Here’s a small snippet of code that I use very frequently when parsing out webpages or content for specific items. For example on any webpage you need to extract data which is present like this:
<html><body><h1>ABC</h1>.... <!-- A lot list of code --><div id="myNewsItem">This is my news, and I am interested in extracting this out</div>.... <!-- and the HTML code continues on --></body></html>
I would like to extract out the data between the DIV tag “myNewsItem”.
Here’s the PHP function to do the extraction:
function SimMyExtract($string, $openingTag, $closingTag){ $string = trim($string); $start = intval(strpos($string,$openingTag) + strlen($openingTag)); $end = intval(strpos($string,$closingTag)); if($start == 0 || $end ==0) return false; // not found $mytext = substr($string,$start, $end - $start); return $mytext;}
Usage for above example:
SimMyExtract( $content, '<div id="myNewsItem">', '</div>' );
You can use it recursively to extract items in a list of similar tags (i.e. when the same tag is used a number of times on the same page). To offer more power I use it in conjunction with regular expressions. I would rid you from going into any further details for RegEx but it is absolutely powerful, and I love the way RegEx is implemented in PHP (both Perl’s PREG and EREG)…

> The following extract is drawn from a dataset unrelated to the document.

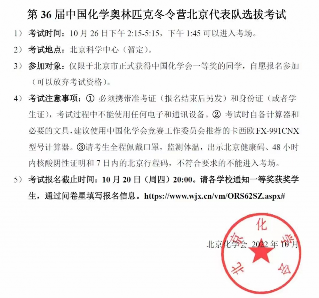 北京化学会发布了关于第36届化学竞赛决赛省队选拔考试通知,通知原文如下:
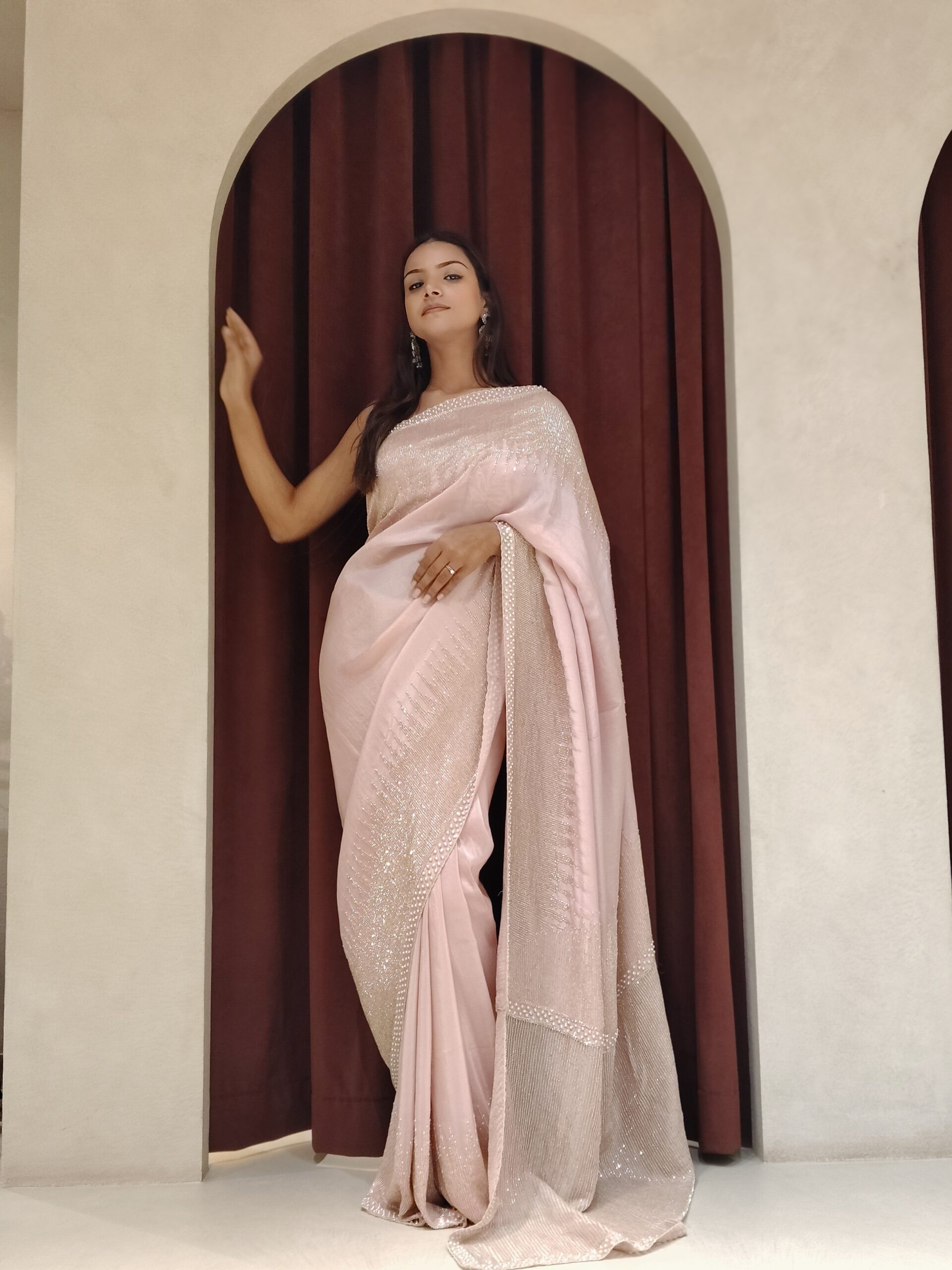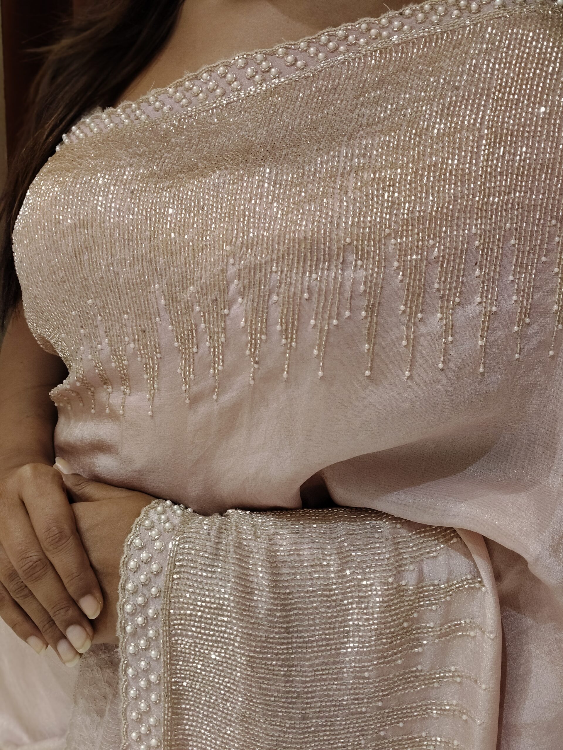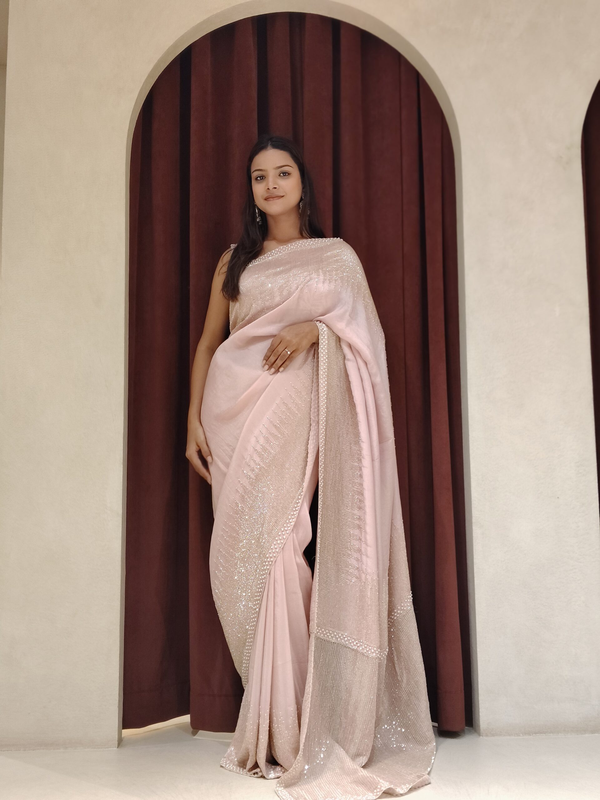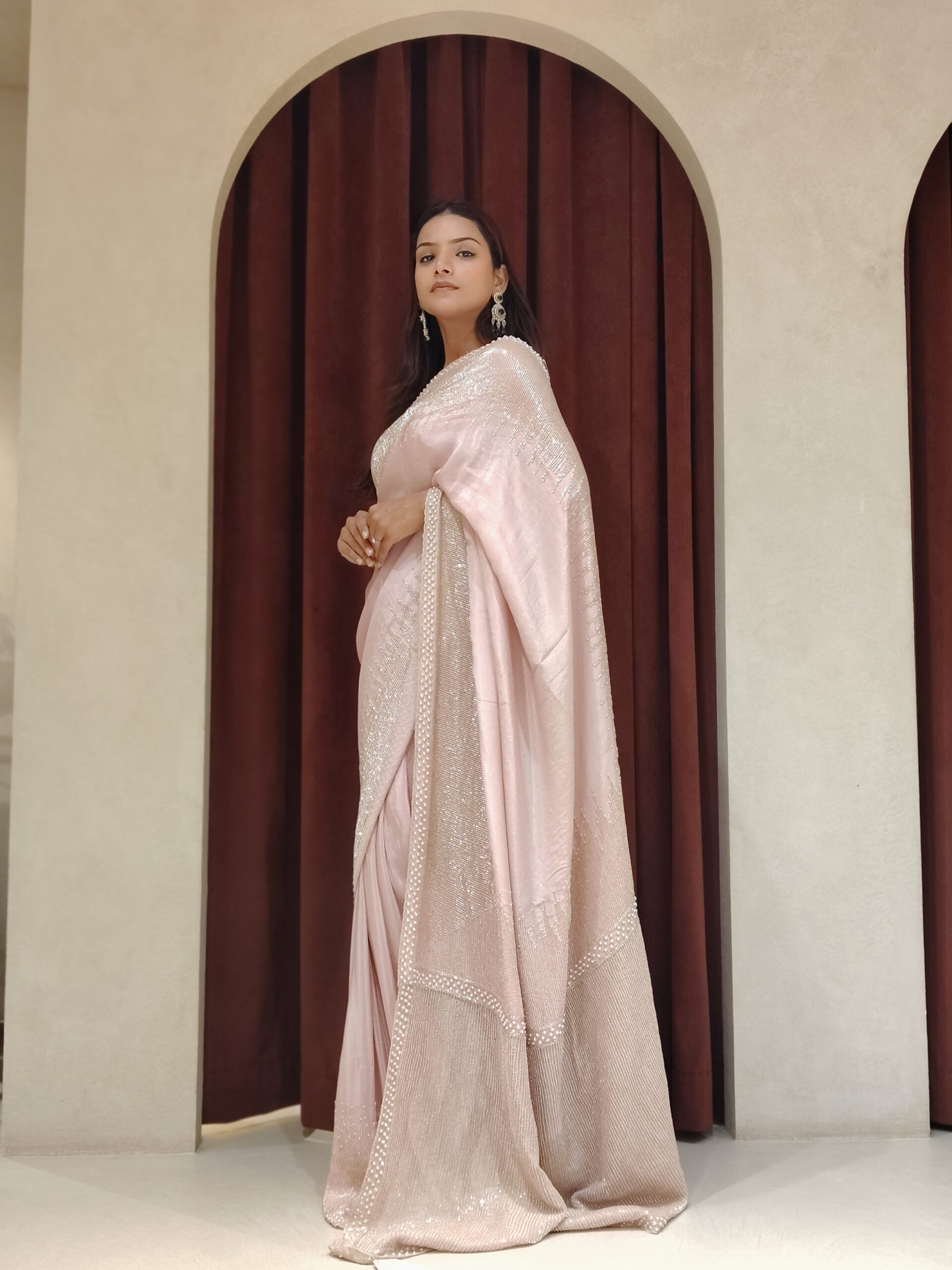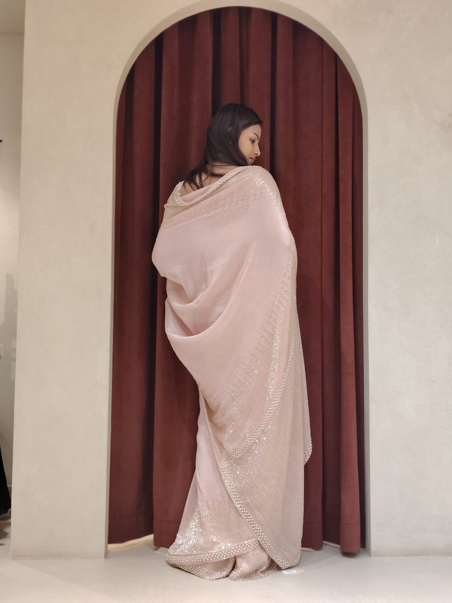 Draped in a dreamy baby pink hue, this exquisite saree is designed to embody pure elegance and celebration. Meticulously adorned with intricate pearl and cutdana handwork, every detail reflects refined craftsmanship and luxurious artistry. The delicate shimmer enhances the softness of the shade, creating a graceful glow that captures attention effortlessly.

For instance the same function could be reduced to:
ereg( $openingTag."[a-zA-Z0-9<>/]+".$closingTag, $content, $result);return implode($result,'');
The point is RegEx is able to capture a lot of occurrences and extract out, you need to master regex. Without that an interesting exercise could be to extract all URLs (content of HREF) from a webpage.
You could simplify this even more by not passing the closing tag at all:
$closingTag = preg_replace("/\\<\\s*(\\S*)[^>]*\\>/", "</\\1>", $openingTag);
It would seem that this is not going to work with nested tags … as in the case of
<html>
<body>
<h1>ABC</h1>
…. <!– A lot list of code –>
<div id="myNewsItem">This is my news,
<div class="pullquote">the rain in spain</div>
and I am
interested in extracting this out</div>
…. <!– and the HTML code continues on –>
</body>
</html>
It would appear that the regex will extract
This is my news,
<div class="pullquote">the rain in spain</div>
and miss
and I am
interested in extracting this out
Am I mistaken? if not, is there a way to make this work as intended?
Perhaps. But when you have a list of nodes that you would want to traverse and extract, its better to use domXML with xquery.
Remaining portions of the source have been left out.